Your assignment:
Once the line with "昔農 澪音さんを姓名の画数から五運を鑑定" is found, write it out along with each later line exactly, through the end of the entries, skipping every picture.

Available data:
----------------------------------------

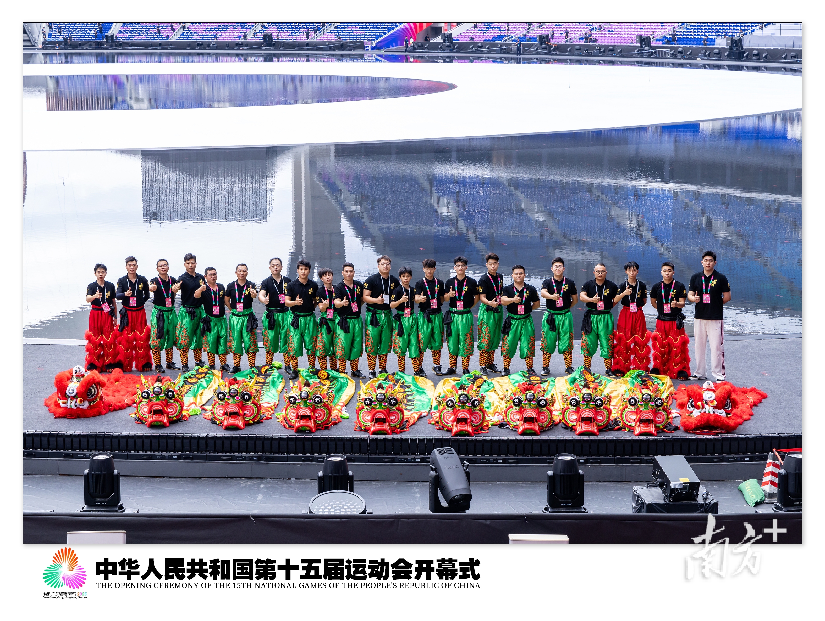 黄阁麒麟舞团队在十五运会开幕式排演后台
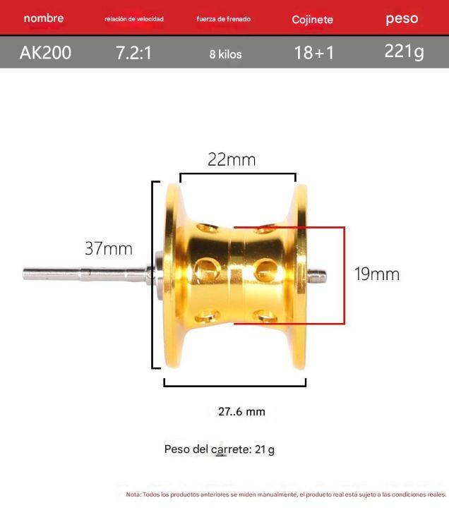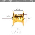 Kallio AK200 Silver Baitcaster -7.2a1-10kg de freno- carrete cnc V
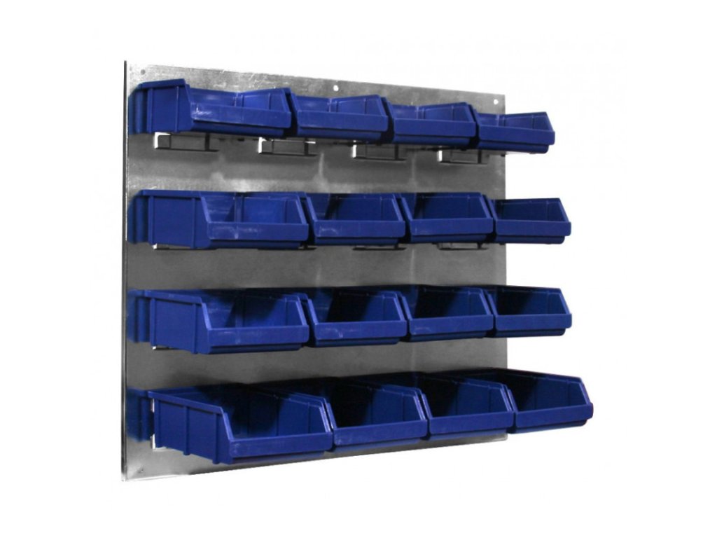 - Kovová deska organizéru na šroubky o rozměru (š x v x h) 558 x 458 x 185 mm.
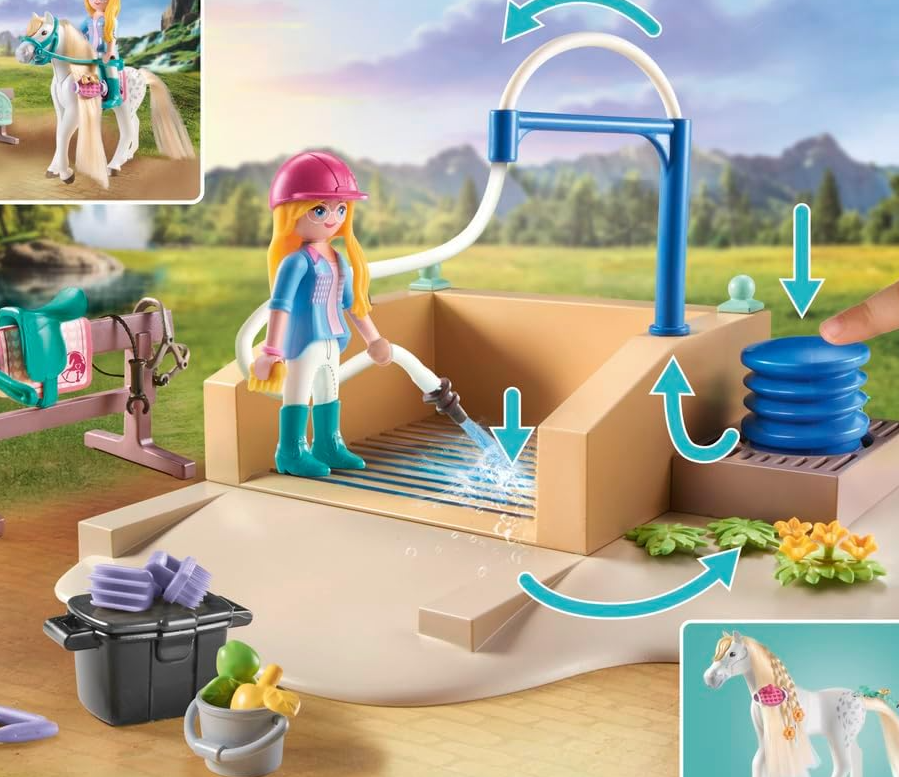 • Highly detailed horse toy with PLAYMOBIL figure Isabella and her Lusitano mare Lioness, hairbrush, hair clips and many other great accessories for horse care
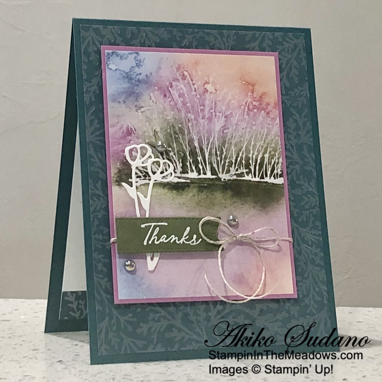 The pretty Stampin’ Up! Thoughtful Wishes bundle and Thoughtful Journey DSP are from the current Annual Catalog. These are some of my favorites and it’s nice to use them again. And I love how the Fault Line technique shows the pretty wildflowers peeking through the textured frame!
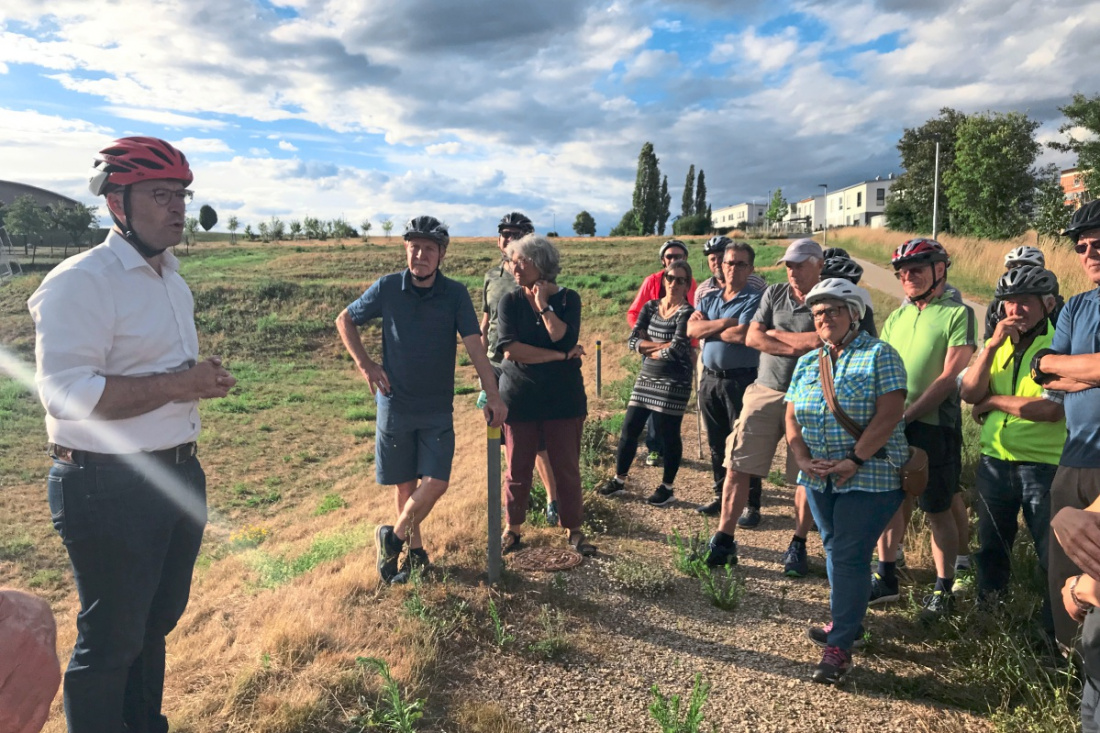 Mit den Bürgern unterwegs zu aktuellen Köngener Projekten: das ließ sich Otto Ruppaner in den Sommermonaten nicht nehmen.Foto: Sylvia Gierlichs
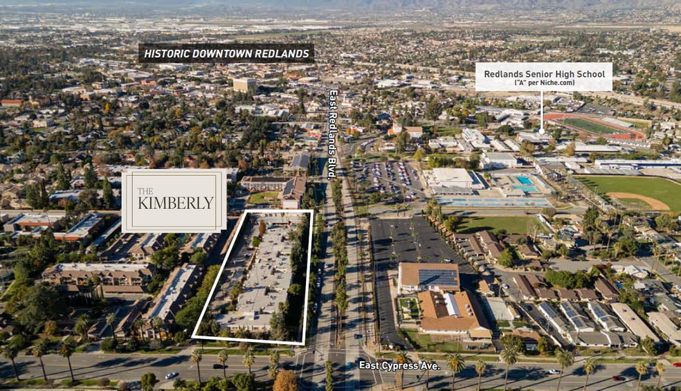 Berkadia is excited to exclusively offer another fantastic value-add opportunity. The Kimberly Apartments offers a rare opportunity to purchase 54 spacious units (average unit size over 1,500 sf) on over 2.5 acres of land with NO city rent control in a prime Redlands location. The pricing is very attractive at: $277K per unit; $153 per square foot; with a 5.3% going-in cap rate, going to 6.3% at market rent. This is the first time this property has been on the market in over 10 years. Kimberly Apartments is fully amenitized with a pool, fitness center, laundry rooms, and ample parking (more than one parking space per bedroom). The property is in a fantastic location across the street from Albertsons Market, Chase Bank, Panera Bread, Redlands Cleaners, Serendipity Salon, Naan Café Redlands, Chaca Tea Bar, and more. Minutes to UC Redlands, charming downtown Redlands with shops and eateries along Redlands Boulevard, and walking distance to Redlands High School (Ranked #5 Best Public High Schools in San Bernardino County).
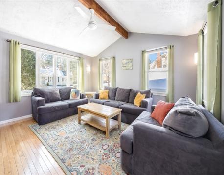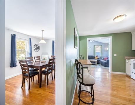 Charming cape-style home on desirable Pleasant Street in North Reading MA offering incredibly flexible living space. This well-maintained North Reading single-family home features three bedrooms plus a bonus room, ideal for a home office, guest space, or flex room. The sun-filled living room showcases a fireplace with custom built-ins, creating a warm and inviting focal point. The kitchen opens to the dining area and a cathedral ceiling family room, perfect for everyday living and entertaining. The finished basement includes a versatile playroom, offering additional space for recreation, hobbies, or a media area. Two full bathrooms provide convenience, while the layout blends classic New England charm with functional living space. Situated on a generous lot with a beautiful yard and one-car garage, this home offers great outdoor space and curb appeal. This Pleasant Street home is a rare opportunity in one of North Reading’s most sought-after neighborhoods.
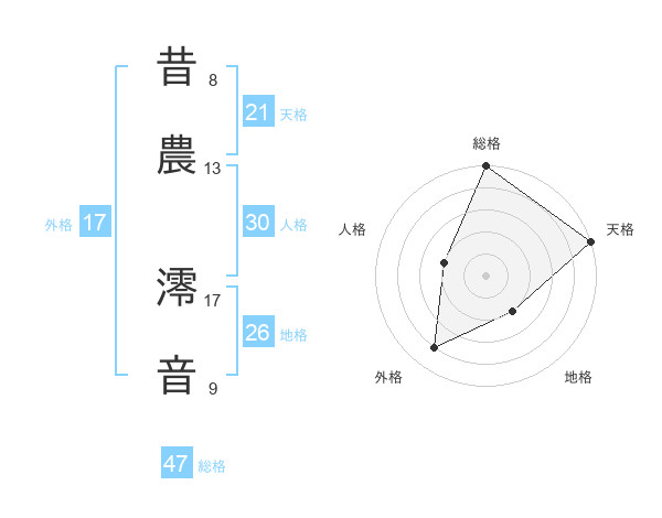 昔農 澪音さんを姓名の画数から五運を鑑定
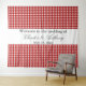 Red and white gingham pattern bbq wedding welcome tapestry. Two shades of red stripes.
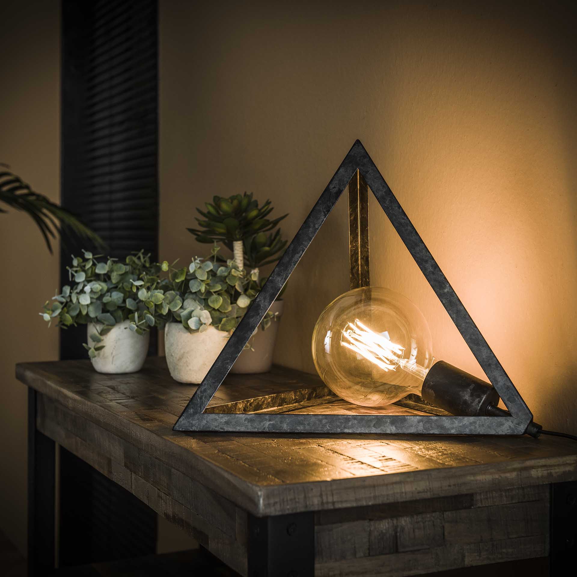 Bordlampe designet i pyramideform med en finish i patineret sort metal.
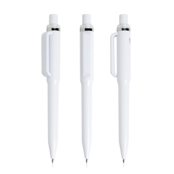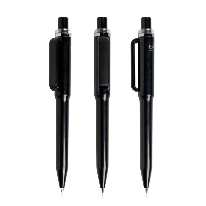 Pen van gerecycled ABS met een modern design, geïnspireerd op onze drinkwarecollectie. Met drukmechanisme en vloeiende blauwe inkt. Verkrijgbaar in verschillende kleuren: een duurzame en stijlvolle keuze voor dagelijks gebruik

----------------------------------------

Result:
 昔農 澪音さんを姓名の画数から五運を鑑定
 Red and white gingham pattern bbq wedding welcome tapestry. Two shades of red stripes.
 Bordlampe designet i pyramideform med en finish i patineret sort metal.
 Pen van gerecycled ABS met een modern design, geïnspireerd op onze drinkwarecollectie. Met drukmechanisme en vloeiende blauwe inkt. Verkrijgbaar in verschillende kleuren: een duurzame en stijlvolle keuze voor dagelijks gebruik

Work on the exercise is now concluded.